Claim all
Duration
Appx. 2 months
Team members
1 UX designer, 1 UI artist, 1 UI programmer, 1 QA
Tools
Figma, Miro, Confluence, Jira
Challenge
UX efficiency vs. emotional reward
While designing the Bootcamp feature, I pointed out that making players manually claim rewards every time could cause repetitive fatigue from a UX standpoint and proposed a “Claim All” feature. However, others in the team had the assumption that pressing the Claim button each time enhanced the sense of achievement—requiring further persuasion to find balance.
D7 Retention hypothesis
Claim actions repeatedly occur throughout the play routine, especially in the transition phase from novice to expert players. This repetition was assumed to negatively affect D1, D3, and D7 retention by increasing friction and drop-off during early engagement.
Process
Discover
Self Diary Study & Journey Map
To validate the hypothesis, I conducted a self-initiated 7-day diary study and visualized the daily play routine in a user journey map to illustrate where claim fatigue occurs.
Validation from Real Player Data
The journey map influenced the UR team’s research plan after the soft launch, leading to two official diary studies with real players. It revealed the assumption that players experience difficulty when claiming rewards.
Define
UX principle in gaming product
The smoother the control and routine surrounding core gameplay,
the deeper the player’s immersion and enjoyment
In R6M, How might we make gameplay loops feel seamless
so players stay fully immersed?
First journey map based on self-run diary study
The initial journey map clearly showed where claim interactions repeatedly interrupted player flow.

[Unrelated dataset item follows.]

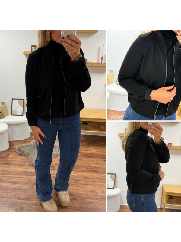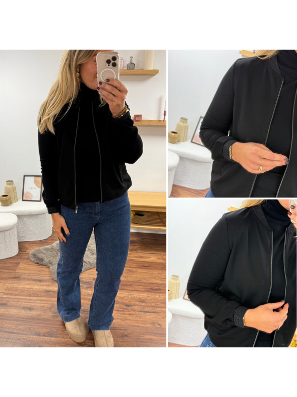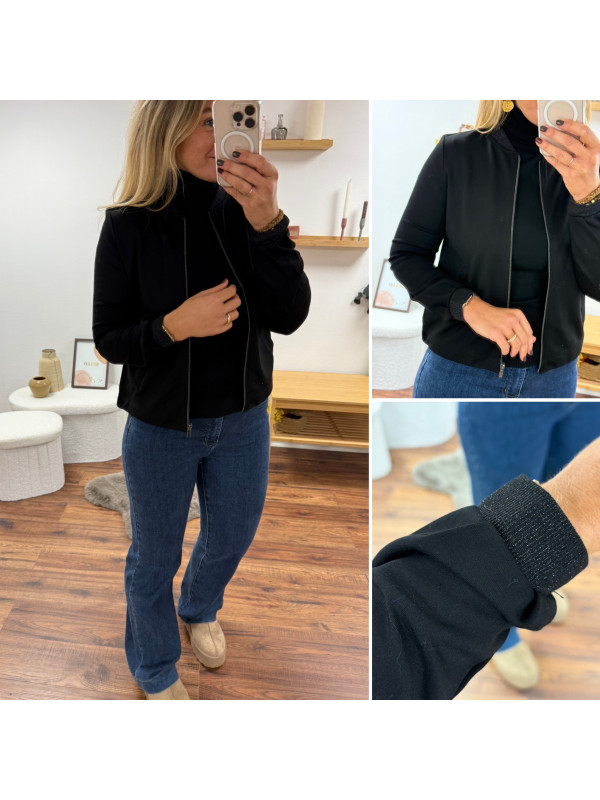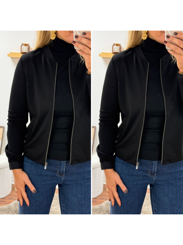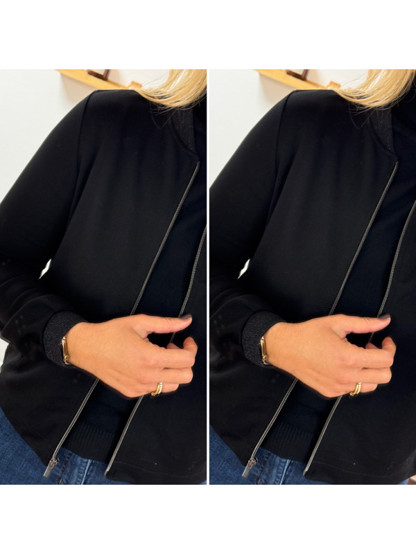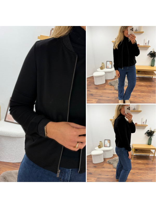 Veste noire avec bandes lurex sur le col et les poignets (du 36 au 46)

And it influenced UR team to conduct two rounds of diary studies for validation.
Second & Third Journey Maps — Bootcamp feature & Soft Launch Builds
Subsequent journey maps based on Bootcamp and Soft Launch builds revealed
that manual claim interactions were consistently one of the top-reported pain points across players.
Comparative Benchmarking — AAA Mobile Titles
By reviewing the reward collection flows of leading AAA mobile games,
I confirmed that the "Claim All" is a standardized convenience function proven to address similar UX challenges effectively.

Design
Define
When players tap the 'Claim all' button, then they get every eligible rewards at once.
User flow & Tap density
Assumed generic routine of an average D3 player
Feature highlights
Consistent placement of “Claim All” button
across all reward screens
Reward-claimable screens were categorized by pattern, and guidelines with screen type were defined for consistent interactions.

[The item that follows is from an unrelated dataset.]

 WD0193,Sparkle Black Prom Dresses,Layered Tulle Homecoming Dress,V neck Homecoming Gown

It improves player experience consistency while also considering development efficiency, and serves as a clear guideline for future design decisions.
Unified hierarchy · sequence · visual feedback
for reward-claim flows by item type
By defining guidelines for reward-claim sequences per item type, I established a consistent and predictable flow.
Players can recognize reward type they’re receiving even before claiming it. It also minimizes edge cases and supports technical optimization.
Fast skip available at any point in reward-claim flow
Players can tap to skip at any stage of the reward-claim flow. Since claiming all type of rewards at once can result in long sequences, it can reduce repetitive fatigue of control for players.
Validate
-
Anticipated that no similar fatigue issues will reappear in subsequent UR testing.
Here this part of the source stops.